Residents Remember Massive Mo. Fire 50 Years Later

April 26, 2012
If scars exist of the fire of April 26, 1962, they only reside in memory as the people of DeKalb recovered and went on with life.

The hill pushes up Spring Street, just like it did 50 years ago. This contour sweeps the southerly winds of spring toward the crest, where, of all things, an old fire engine has planted itself.

Frances Miller smiles at this.

Her husband, Robert, would become a rural firefighter and a seller of fireworks. But in 1962, he had brought his young family to DeKalb, Mo., in southern Buchanan County, where he taught math to seventh- and eighth-graders.

The end of that first school year approached, and Mrs. Miller watched their three children at the house on Spring Street. The noon hour came, and she heard a stir down the hill. A neighbor's voice came through the windows.

"Fire! Fire!"

Over the next two and a half hours, stoked by a 35 mph wind and incapable of being stopped because the village had no water system, the blaze destroyed 12 buildings and displaced 10 percent of DeKalb's residents.

The fire, a half-century ago today, only stalled when it met the two-story brick building that housed the post office at the top of the hill.

Mrs. Miller, who lives in the house her husband rebuilt on the site after that day, still marvels at the speed with which it all happened.

"It was so bad you just couldn't think," she says. "I was here by myself with the babies."

People agree the fire started in a shed at the bottom of the hill. The first house it ignited belonged to Mick and Frances Strong.

Kay Wheeler, the Strong couple's daughter, had a 1-year-old son taking a nap in the house. They cleared out to a neighbor's home and even managed to drag some furniture into a back lot.

But that served as no comfort to Mrs. Strong, who worked at Whitaker Cable in St. Joseph and got word only of a blaze in her hometown.

"She had her foreman drive her down here and she got out and ran because she knew the baby and her husband were down there in that house," Mrs. Wheeler remembers.

Cheryl Berry of St. Joseph, Mrs. Miller's daughter and age 6 at the time, thinks back on the initial fascination of the fire down the street and the dawning realization of spreading destruction. The burning embers passed from one house to the next.

"There was nothing to stop it," she says. "What do you do? You just get yourself out."

Mrs. Miller took her children, Cheryl, 4-year-old Debbie and infant Steve, to a house across the street. As the fire got closer, the kids were taken to the village's park.

News accounts of the day talked of efforts to save household belongings as the fire raced along. Male students at the school were released to join the effort.

Vacant lots took on a rummage sale bearing, strewn with clothing and sofas, even stoves, removed from uphill homes. In some cases, airborne sparks caught mattresses on fire, though seemingly on safe ground.

Mrs. John West, the News-Press reported, had been out helping neighbors clear their homes when she realized her house would be the next to go. She grabbed armloads of hanging clothes and put them in a truck, but embers got to the garments and dotted them with holes.

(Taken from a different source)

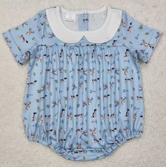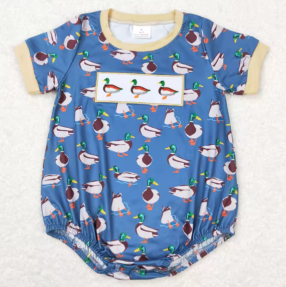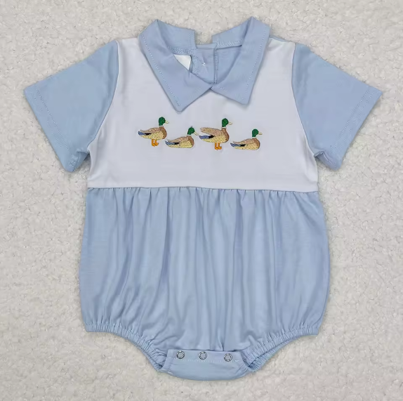 Combinaison à volants pour bébé garçon, bleu clair, avec col Peter Pan brodé d'un canard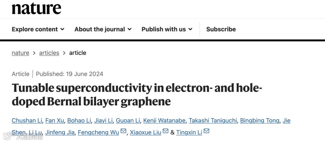 近日,上海交通大学物理与天文学院李听昕课题组、李政道研究所刘晓雪课题组在Nature上发表题为“Tunable superconductivity in electron- and hole-doped Bernal bilayer graphene”的研究论文。该项研究首次在单晶石墨烯中观测到电子掺杂情况的超导电性,这对于理解晶体石墨烯及转角石墨烯系统的超导机理,设计制备基于石墨烯系统的高质量新型超导量子器件等具有重要意义。

Edith Frakes, an 82-year-old widow, had been preparing her lunch in anticipation of neighbor women coming over to help wallpaper a room. When the fire claimed her home, she lost all her possessions except the wallpaper.

Fire departments responded from St. Joseph, Dearborn, Edgerton, Platte City and Weston. Eventually, the firefighters laid out hoses that pumped water from a farm pond 1,100 feet away.

By afternoon's end, eight houses and four commercial buildings had been burned beyond use. The blessing was that no one died. Thirty residents in the town of 300 had to find new living arrangements. A damaged phone cable knocked out service to the village. The county highway department sent a bulldozer to knock down remaining chimneys, hastening a cleanup.

"Everybody looked after you and helped," Mrs. Miller recalls.

The Millers had lived in their house less than a year, but they set about rebuilding. They first finished the basement, then lived there while the upstairs took shape. The rest of the neighbors cleared their own property and started anew.

"I've lived here all my life," Mrs. Wheeler says. "I'm not going to leave."

In the years that followed, the town invested in a public water system. Future fires would face a line of defense. And the outhouses of DeKalb became history.

"You remember those things," Ms. Berry laughs.

If scars exist of the fire of April 26, 1962, they reside in memory. The people of DeKalb recovered and went on with life.

Mrs. Miller, a young mother who got her children to safety, watched an uncontrolled fire consume a good portion of her small town. She hopes never to see such a thing again. "The first and last," she says.